# The Lyre of Orpheus



## millionrainbows

​

From reviews: 
"_The Lyre of Orpheus_ is a landmark book, opening up new ground for our understanding of religious elements of popular music. Partridge moves the discussion of religion and popular music on from concerns about the religious meanings of lyrics, or broad analogies of popular music scenes as 'religions,' by addressing how music constructs emotional experiences which reinforce or transgress social understandings of the sacred... he shows how popular music continues to have religious significance in social settings far removed from traditional forms of institutional religion, as well as illuminating the complex relationships that persist between popular music and religious traditions. Demonstrating an authoritative understanding of both popular music and scholarly resources for interpreting it, Partridge has produced a book that will be a key reference point for future work."--Gordon Lynch, Michael Ramsey Professor of Modern Theology, University of Kent


"_The Lyre of Orpheus_ itself functions as edgework too. In an academic context in which studying the sacred dimensions of music often result in an exploration of a particular genre, Partridge offers us insights in the analysis of how music works and matters from an original perspective. He demonstrates how the relationship between sacrality and music extends beyond the genre of sacred music. This approach would be worthwhile to extend into other musical fields, such as classical and non-western music. It is about time to put everything perceived as irreplaceable about the musical sacred and move it to the left. " --_Marginalia_


----------



## psfrankel

When I first saw the title of this thread, I thought it was going to be about Robertson Davies' The Lyre of Orpheus:

http://https://en.wikipedia.org/wiki/The_Lyre_of_Orpheus_(novel)

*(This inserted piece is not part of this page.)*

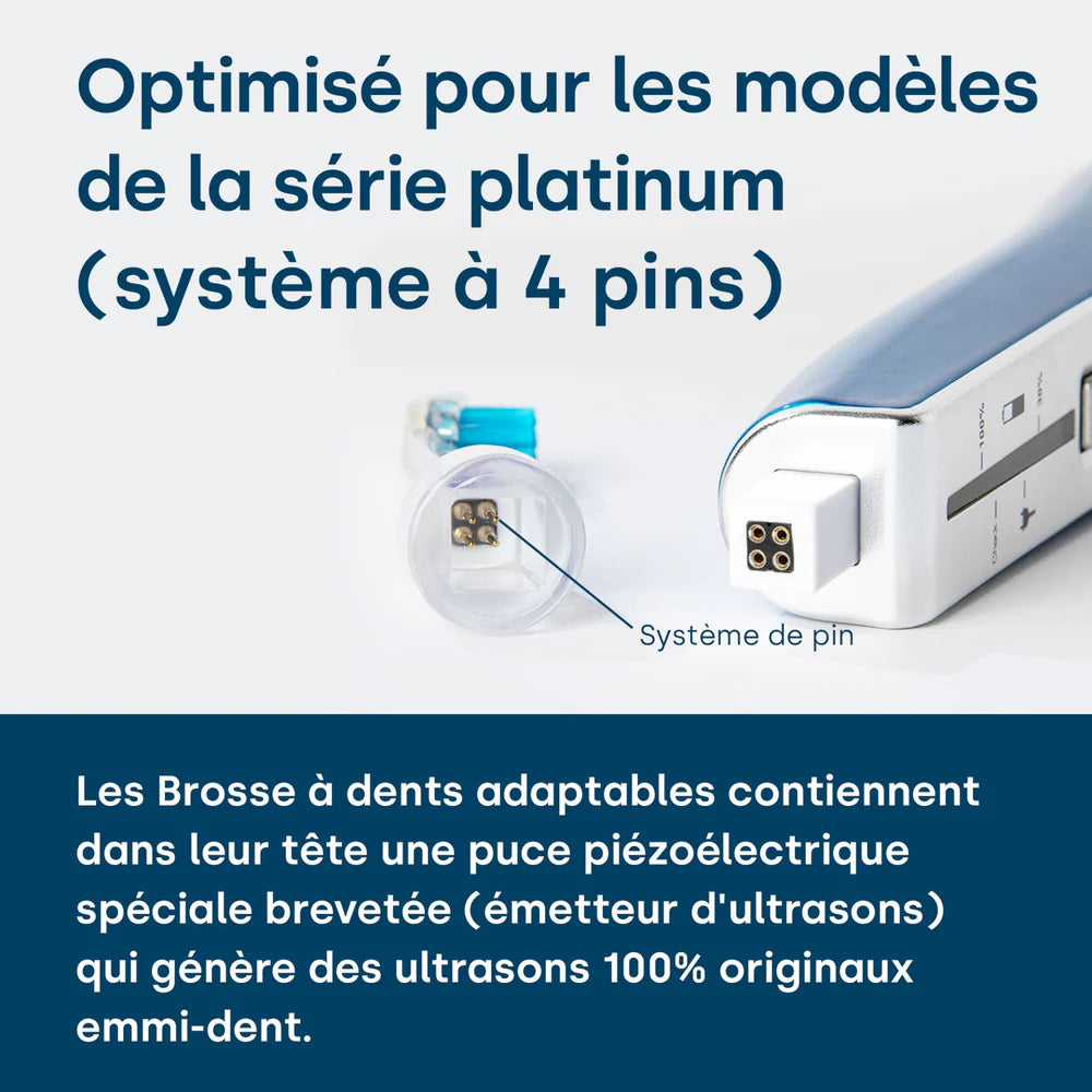 Veuillez noter que les têtes de brosse à ultrasons de la emmi-dent Platinum exclusivement pour le nettoyage des dents et l'hygiène bucco-dentaire avec le modèle Premium Emmi-dent Platine peut être utilisé.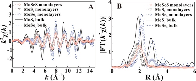 B) 相应的傅里叶变换FT((k)): 单层MoSeS合金(红圈), 单层MoS2 (黑色三角), 单层MoSe2 (蓝色方块), MoS2 块体 (黑色 实线) 和 MoSe2 块体 (蓝色虚线).

Which is also great. Now I'm thinking I should re-read the Davies' trilogy AND this book, too!


----------



## Pugg

psfrankel said:


> When I first saw the title of this thread, I thought it was going to be about Robertson Davies' The Lyre of Orpheus:
> 
> http://https://en.wikipedia.org/wiki/The_Lyre_of_Orpheus_(novel)
> 
> Which is also great. Now I'm thinking I should re-read the Davies' trilogy AND this book, too!


Good and great idea.


----------